The invention relates generally to digital audio signal processing, and more particularly relates to noise suppression in voice or speech signals.
Noise suppression (NS) of speech signals can be useful to many applications. In cellular telephony, for example, noise suppression can be used to remove background noise to provide more readily intelligible speech from calls made in noisy environments. Likewise, noise suppression can improve perceptual quality and speech intelligibility in teleconferencing, voice chat in on-line games, Internet-based voice messaging and voice chat, and other like communications applications. The input audio signal is typically noisy for these applications since the recording environment is less than ideal. Further, noise suppression can improve compression performance when used prior to coding or compression of voice signals (e.g., via the Windows Media Voice codec, and other like codecs). Noise suppression also can be applied prior to speech recognition to improve recognition accuracy.

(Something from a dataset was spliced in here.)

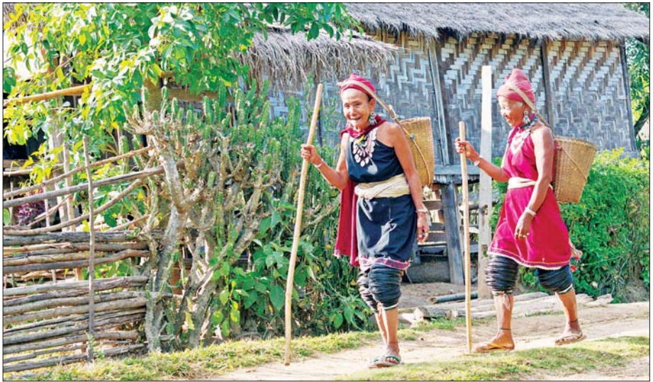
လူထုအခြေပြုခရီးသွားလုပ်ငန်း ဖော်ဆောင်လုပ်ကိုင်သည့် ကယားပြည်နယ် ဒီးမော့ဆိုမြို့နယ် ဒေါတမကြီးကျေးရွာ။

မြောက်မှတောင်သို့ အပြိုင်သွယ်တန်းလျက်ရှိသည်။ မြစ်ချောင်းများသည်လည်း မြောက်မှ တောင်သို့ စီးဆင်းနေခြင်းမှာ စိတ်ဝင်စားဖွယ် ကောင်းသည်။ ချင်းပြည်နယ်သည် သဘာဝအခြေခံခရီးသွားများ ကြိုက်နှစ်သက်သည့် ဒေသတစ်ခုဖြစ်ပြီး အထူး သဖြင့် ပြည်ပမှ ရုက္ခဗေဒပညာရှင်များ အများအပြား လာရောက်သော ဒေသတစ်ခုဖြစ်သည်။ ချင်း ပြည်နယ်သို့လာရောက်ပါက ပထမ ကမ္ဘာစစ်မတိုင်မီ နယ်ချဲ့ဗြိတိသျှတို့ကို တွန်းလှန်ခဲ့သော ရှာလ်လမ်း ခံတပ်(Shallum Fort)၊ ပင်လယ်ရေပြင်အမြင့်ပေ

There are some well-known techniques for noise suppression in speech signals, such as spectral subtraction and Minimum Mean Square Error (MMSE). Almost all of these known techniques suppress the noise by applying a spectral gain G(m, k) based on an estimate of noise in the speech signal to each short-time spectrum value S(m, k) of the speech signal, where m is the frame number and k is the spectrum index. (See, e.g., S. F. Boll, A. V. Oppenheim, “Suppression of acoustic noise in speech using spectral subtraction,” IEEE Trans. Acoustics, Speech and Signal Processing, ASSP-27(2), April 1979; and Rainer Martin, “Noise Power Spectral Density Estimation Based on Optimal Smoothing and Minimum Statistics,” IEEE Transactions on Speech and Audio Processing, Vol. 9, No. pp. 504-512, July 2001.) A very low spectral gain is applied to spectrum values estimated to contain noise, so as to suppress the noise in the signal.
Unfortunately, the use of noise suppression may introduce artificial distortions (audible “artifacts”) into the speech signal, such as because the spectral gain applied by the noise suppression is either too great (removing more than noise) or too little (failing to remove the noise completely). One artifact that many NS techniques suffer from is called musical noise, where the NS technique introduces an artifact perceived as a melodic audio signal pattern that was not present in the input. In some cases, this musical noise can become noticeable and distracting, in addition to being an inaccurate representation of the speech present in the input signal.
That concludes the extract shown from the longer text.